__THE TASK__: Below are some entries; reproduce them exactly and leave every picture out.

=-=-=-=-=

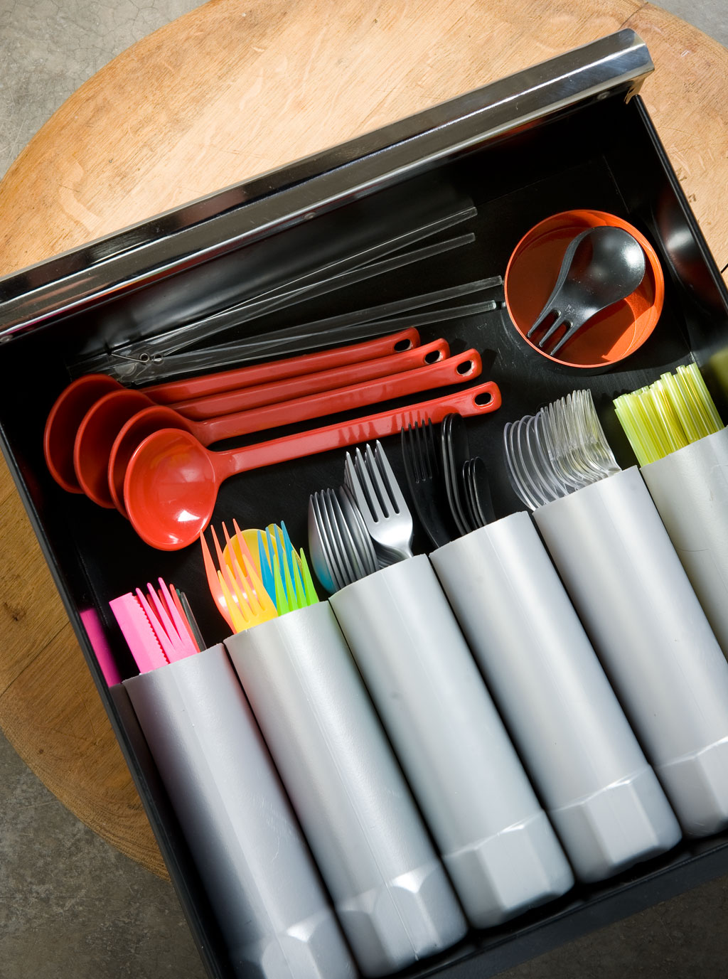 Plastic cutlery usually stays behind in the takeaway paper bag or gets discarded without another thought. But with sets available in vibrant colours, solid black or even designed by Philippe Starck, these former disposable objects are now irresistibly collectable.
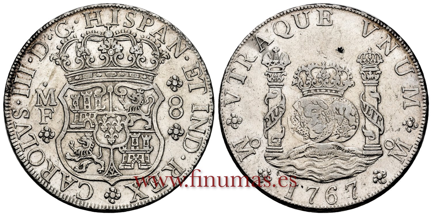 Carlos III. 8 reales. 1767. México. MF. (Cal-1092). Ag. 26,91 g. Pequeño Resello chino sobre corona. Restos de brillo original. EBC-
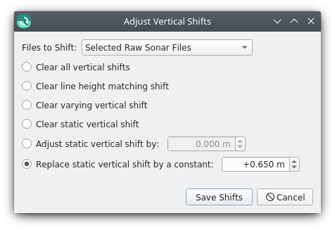 This dialog is used to clear, set or change the different types of vertical shifts that are applied to a selection of files. Qimera has 3 different vertical shifts that are combined to alter the Z position of the transducer which will then change the footprint positions. You can review the shifts applied to each file in the Processing Settings Dialog.
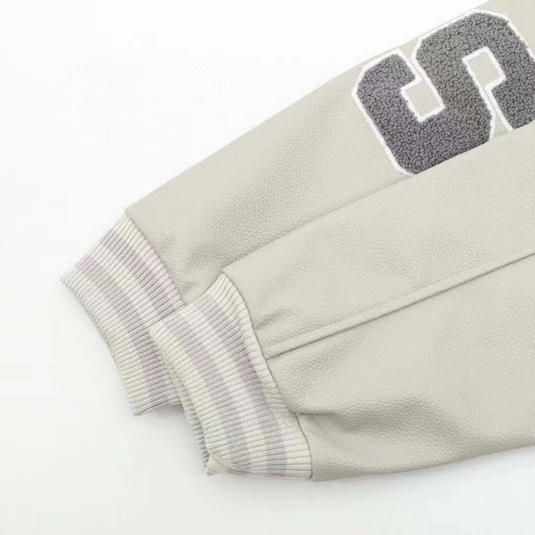 渠道精品 潮男潮女ZUI愛的棒球服夾克,市場各級版本都有(細節你們一定要對比),最牛X的實力品控 生產研究棒球服7個年頭 細節精致。擁有它,你就是全宇宙的最靚的仔.烤漆面全平面四合扣(紐扣帶LOGO),面料克重平均近900克,采用羊毛+睛綸混紡 定織定染的羊毛呢 擁有較高的色牢度。內襯是絲滑細膩的銅氨纖維材質!質感厚實,色澤更為均勻靚麗,棱角分明立體感十足彰顯慵懶隨性,年輕活力!
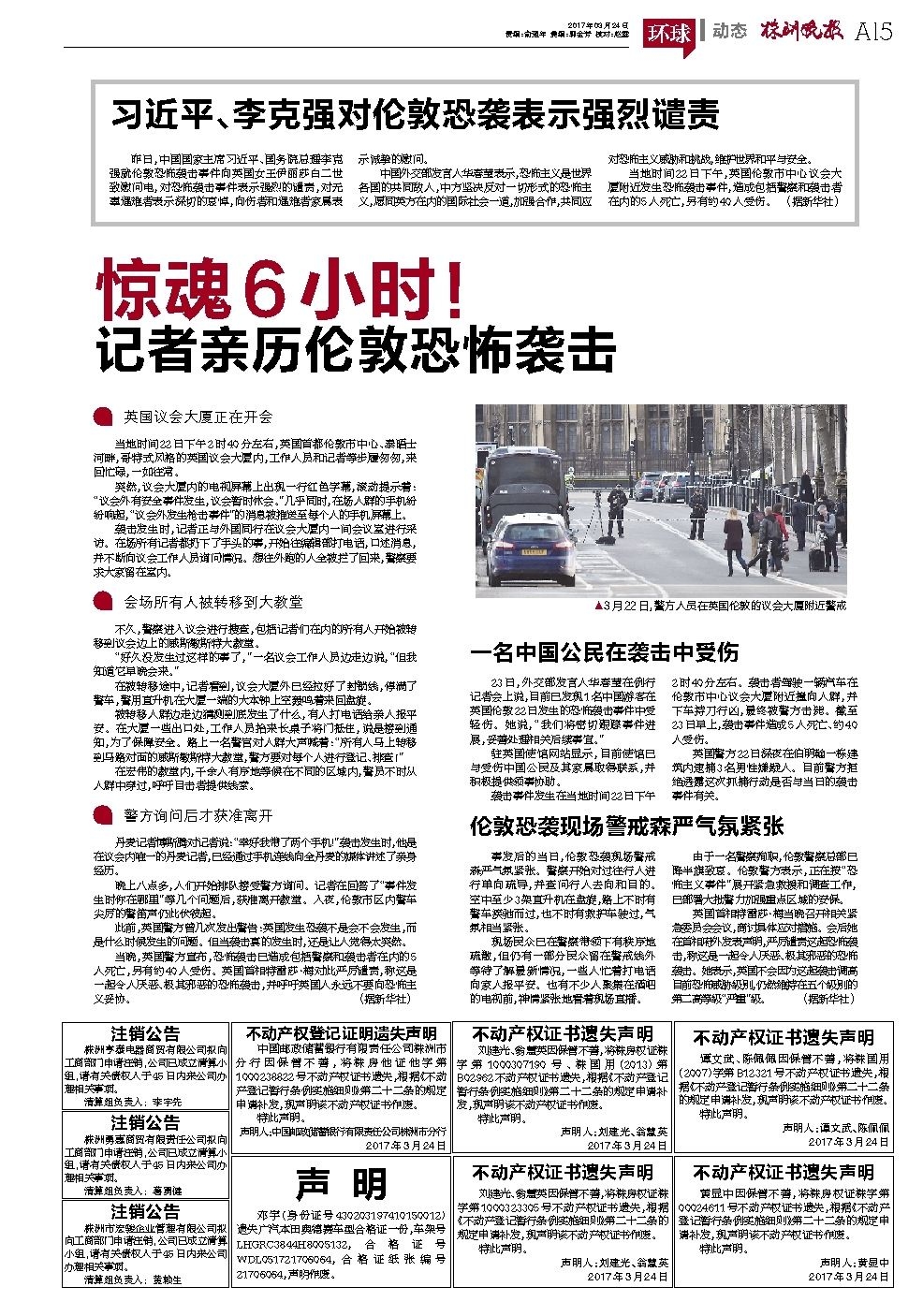 习近平、李克强对伦敦恐袭表示强烈谴责

=-=-=-=-=

__TASK SOLUTION__:
 Plastic cutlery usually stays behind in the takeaway paper bag or gets discarded without another thought. But with sets available in vibrant colours, solid black or even designed by Philippe Starck, these former disposable objects are now irresistibly collectable.
 Carlos III. 8 reales. 1767. México. MF. (Cal-1092). Ag. 26,91 g. Pequeño Resello chino sobre corona. Restos de brillo original. EBC-
 This dialog is used to clear, set or change the different types of vertical shifts that are applied to a selection of files. Qimera has 3 different vertical shifts that are combined to alter the Z position of the transducer which will then change the footprint positions. You can review the shifts applied to each file in the Processing Settings Dialog.
 渠道精品 潮男潮女ZUI愛的棒球服夾克,市場各級版本都有(細節你們一定要對比),最牛X的實力品控 生產研究棒球服7個年頭 細節精致。擁有它,你就是全宇宙的最靚的仔.烤漆面全平面四合扣(紐扣帶LOGO),面料克重平均近900克,采用羊毛+睛綸混紡 定織定染的羊毛呢 擁有較高的色牢度。內襯是絲滑細膩的銅氨纖維材質!質感厚實,色澤更為均勻靚麗,棱角分明立體感十足彰顯慵懶隨性,年輕活力!
 习近平、李克强对伦敦恐袭表示强烈谴责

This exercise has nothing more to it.